Continuo com a forte impressão que o senhor toma conta dos cemitérios. – concluí um pouco receosa.

- Não é bem assim. No Universo, tudo responde às hierarquias. Minha tarefa é associada com a cura das doenças e a transformação de energias que se segue depois da morte. Minha associação com as feridas e a varíola não quer dizer que eu seja uma entidade que leva o Mal e as doenças. Estamos acima do Bem e do Mal. Trabalhamos para Oxalá, que é a Justiça, Misericórdia e o Amor infinito!

- Quais as religiões que estão ligadas ao senhor?

- Umbanda e Candomblé, principalmente.

- Assisti uma série de TV em que o senhor aparece para uma mulher e cura uma criança muito doente. Era uma cena do seriado Tereza Batista Cansada de Guerra que passou na televisão faz muito tempo. Foi uma cena muito bonita que me deixou sensibilizada. Isso pode acontecer? Quem está doente pode lhe pedir a cura?

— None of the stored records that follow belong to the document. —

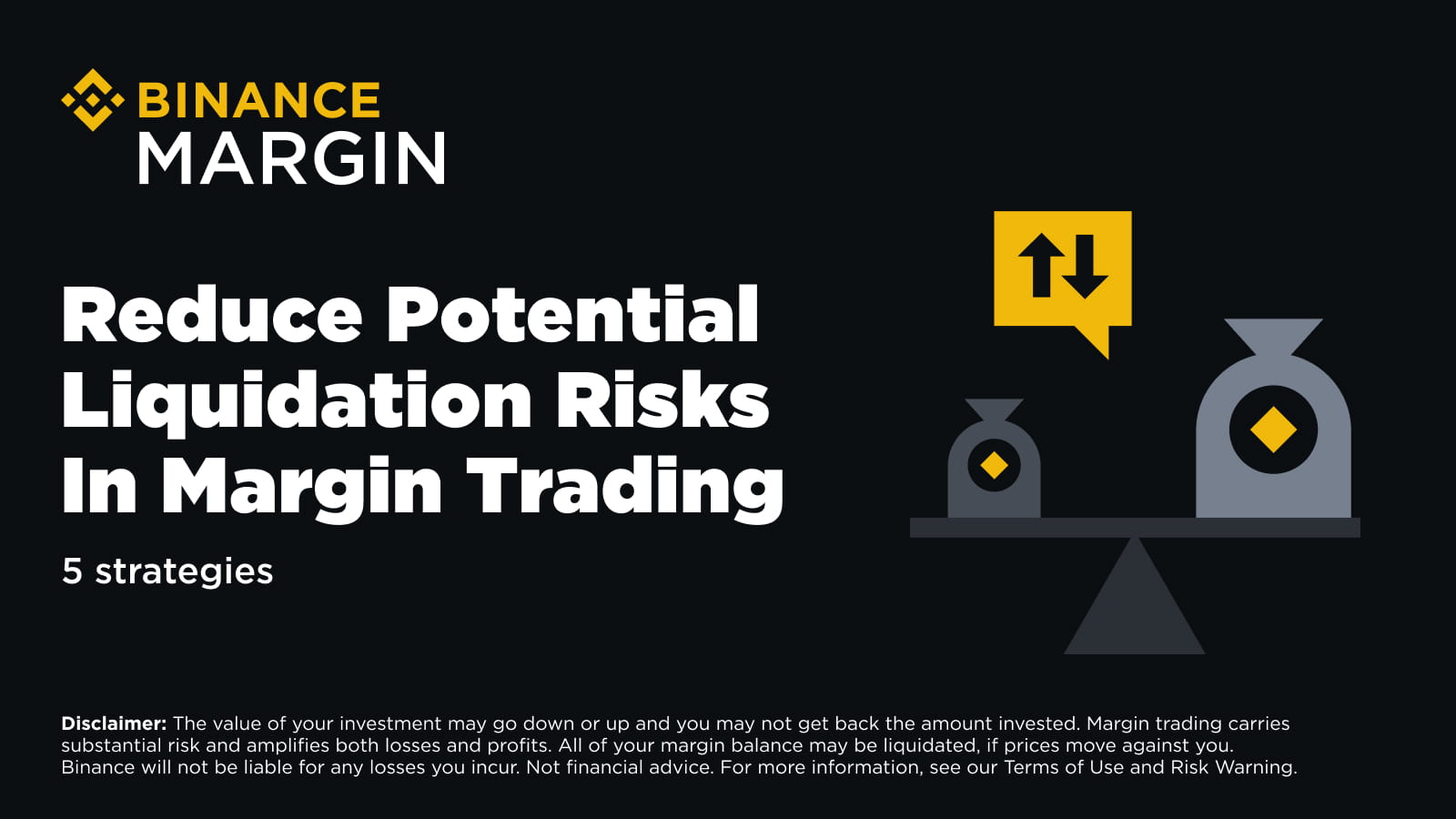 In this article, we'll explore various tools and strategies to potentially help you to reduce your liquidation risk while margin trading. Please remember, that none of the information in this article is financial advice and Binance does not consider your individual investing circumstances. Please ensure that you do your own research, understand your trading decisions and avoid investing if you do not understand the margin product, for more information please see the Margin Product Terms and our General Terms and Conditions.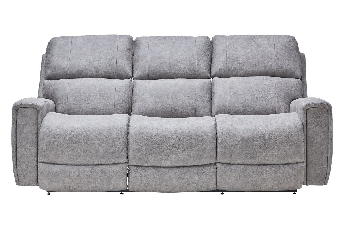 Experience modern comfort and style with this La-Z-Boy reclining sofa, featuring clean, contemporary lines and a versatile grey fabric finish. Designed for relaxation, it offers plush bucket chaise seating, supportive split back cushions, and broad track arms wrapped in smooth, streamlined padding. Power reclining on both ends, memory settings, and a convenient home button make it easy to find and return to your perfect position, with optional wireless remote and built-in USB ports for added convenience. Crafted with high-quality foam and fiber fill for long-lasting comfort, this durable fabric sofa is built to resist everyday wear and fading. Its sleek design, premium materials, and customizable options make it a standout addition to any modern living space.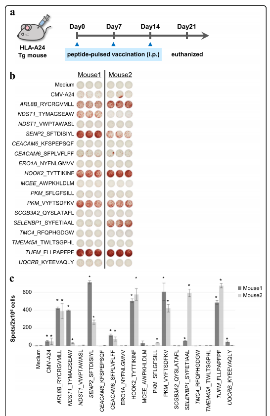 為了評(píng)估從異常剪接亞型和移碼突變中鑒定的肽的抗原性,作者根據(jù)圖6a所示的方案用候選肽免疫HLA-A24轉(zhuǎn)基因小鼠。作者根據(jù)人類白細(xì)胞抗原-α:24:02的網(wǎng)絡(luò)MHC評(píng)分選擇了17種候選肽(表2)。作者通過BLAST-P證實(shí)了該肽序列與人或小鼠蛋白質(zhì)數(shù)據(jù)庫中的序列沒有相似性,最后一次接種疫苗一周后,作者從小鼠中分離出脾細(xì)胞,并對(duì)分離物進(jìn)行酶聯(lián)免疫吸附斑點(diǎn)(ELISpot)分析。通過這樣做,作者試圖檢測(cè)新抗原特異性脾淋巴細(xì)胞反應(yīng)。酶聯(lián)免疫吸附試驗(yàn)結(jié)果顯示,17個(gè)多肽中有8個(gè)誘導(dǎo)顯著高的干擾素-γ產(chǎn)生(n= 2)與PBS組和單獨(dú)佐劑組相比(圖6b,c)。這些結(jié)果表明,來自剪接亞型和移碼突變的多肽可以通過與人類白細(xì)胞抗原的相互作用激活T細(xì)胞反應(yīng)。

- Tudo é uma questão da lei do merecimento. A fé verdadeira mobiliza energias de cura e bem estar. No entanto, a doença começa no espírito e é o resultado de nossas mazelas e imperfeições.

- Li uma lenda em que sua mãe o achou muito feio quando nasceu. É verdade que se oculta sob a palha para esconder o rosto cheio de feridas?Qual é o seu símbolo?- eu estava muito nervosa.(Não houve resposta). Após uma pausa ele me disse telepaticamente:

- Meu símbolo é o Xaxará. Está vendo?

Vi que ele segurava uma espécie de cetro na mão.

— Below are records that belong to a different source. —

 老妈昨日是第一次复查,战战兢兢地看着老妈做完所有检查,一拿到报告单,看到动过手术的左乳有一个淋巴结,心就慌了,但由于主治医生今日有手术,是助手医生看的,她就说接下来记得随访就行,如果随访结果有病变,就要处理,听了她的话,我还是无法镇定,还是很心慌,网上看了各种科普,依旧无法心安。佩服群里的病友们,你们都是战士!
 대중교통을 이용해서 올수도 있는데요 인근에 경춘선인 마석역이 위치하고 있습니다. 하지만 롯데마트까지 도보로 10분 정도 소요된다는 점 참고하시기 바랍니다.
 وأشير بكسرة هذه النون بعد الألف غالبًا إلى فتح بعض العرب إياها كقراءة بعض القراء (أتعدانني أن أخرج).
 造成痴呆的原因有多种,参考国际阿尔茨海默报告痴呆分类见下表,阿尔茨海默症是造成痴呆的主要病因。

- Tenho uma espécie de cetro, com sementes dentro. É com o Xaxará que espalho meu axé. É com esse símbolo que tiro a energia negativa das casas das pessoas.

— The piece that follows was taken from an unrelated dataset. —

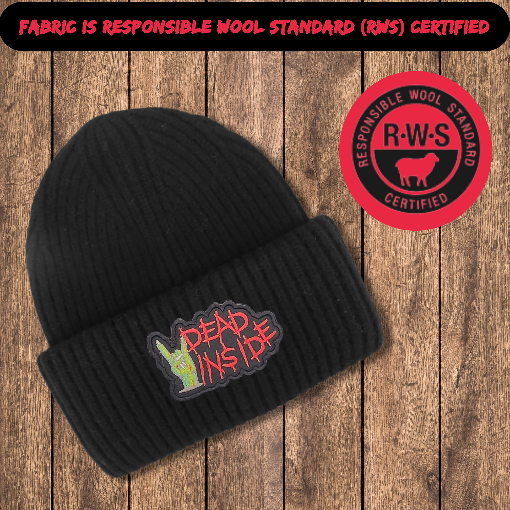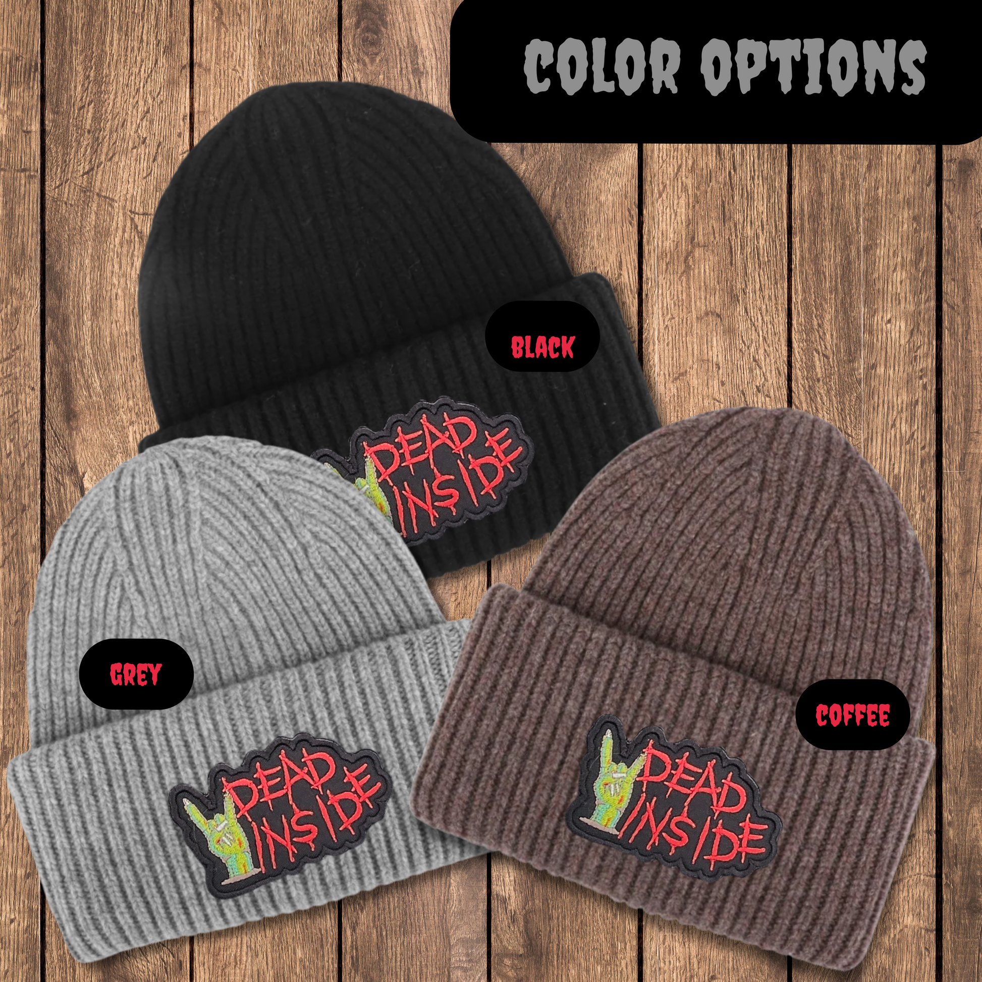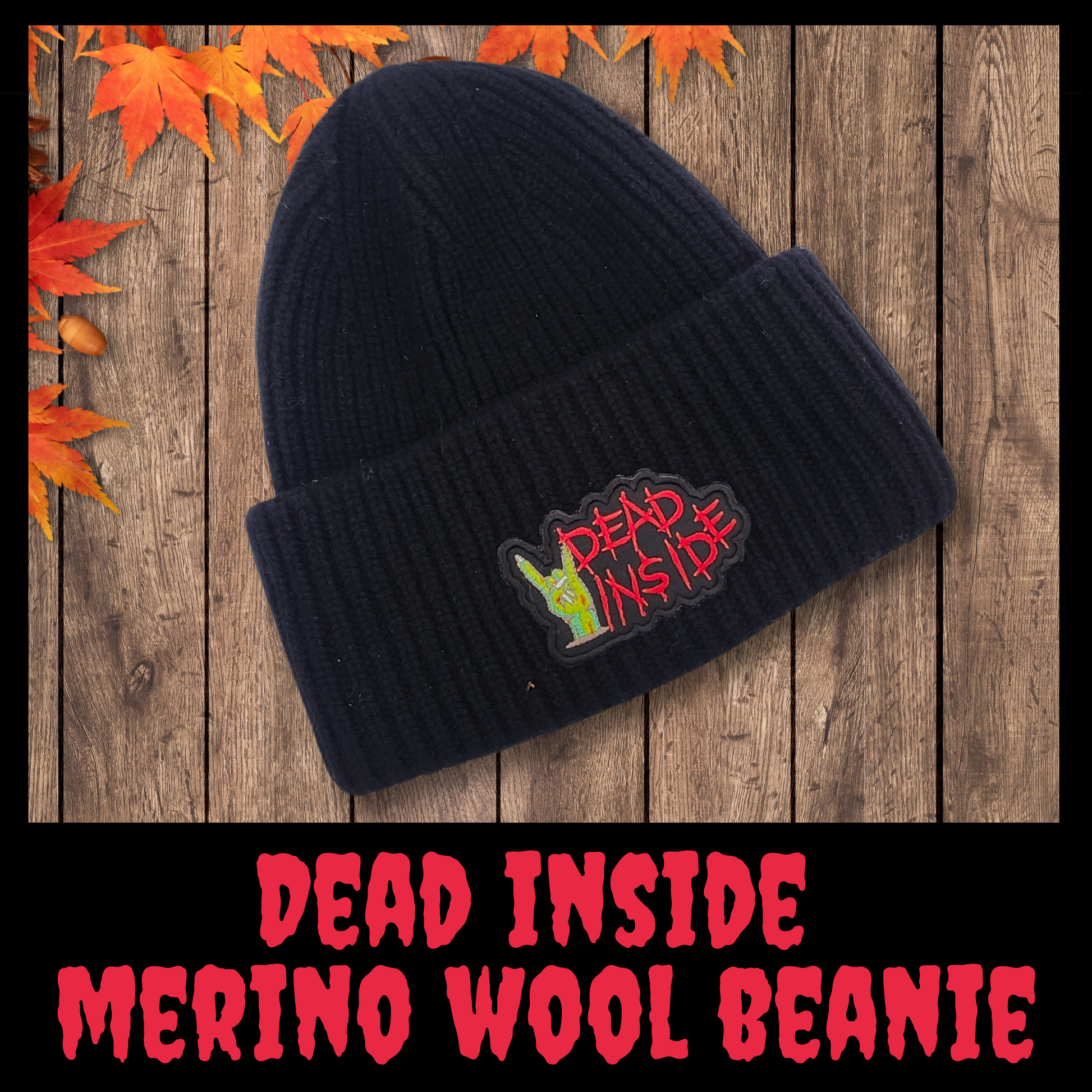 Dead Inside Merino Wool Beanie – Horror Embroidered Patch Hat, merino wool hat, Warm & Soft Skull Cap for Cold Weather, Goth Streetwear

- Algumas pessoas não acreditam em orixás e muito menos nos cultos afro-brasileiros. O que o senhor tem a dizer sobre isso?

- Cada um tem o direito de acreditar no que lhe aprouver. É o livre arbítrio! No entanto, enquanto houver preconceito entre as pessoas, estaremos muito distantes do objetivo das religiões. O objetivo das religiões é religar as pessoas e não separá-las. Procure estudar mais sobre o assunto. A informação nos livra do véu da ignorância e do preconceito.

- Como é a personalidade de quem é filho de Omulu?Gostaria que o senhor finalizasse com uma mensagem para aquelas pessoas que perderam entes queridos.

- Nesse dia considerado de Dia dos Mortos, fiquem em prece e relembrem dos entes queridos com saudade, mas sem desespero. Uma oração ajuda muito aquele que já partiu. Um dia, reencontraremos aqueles que nos foram caros, porque a Morte é apenas uma passagem!

De repente, senti um forte arrepio e aquele Orixá misterioso desapareceu. Mesmo assim, continuei ouvindo um chocalho ecoando pelo ar.

Respeitosamente, fiz uma reverencia:

- Atotô, Senhor Omulu! Continue ajudando a todos aqueles que precisam da cura da alma e do corpo!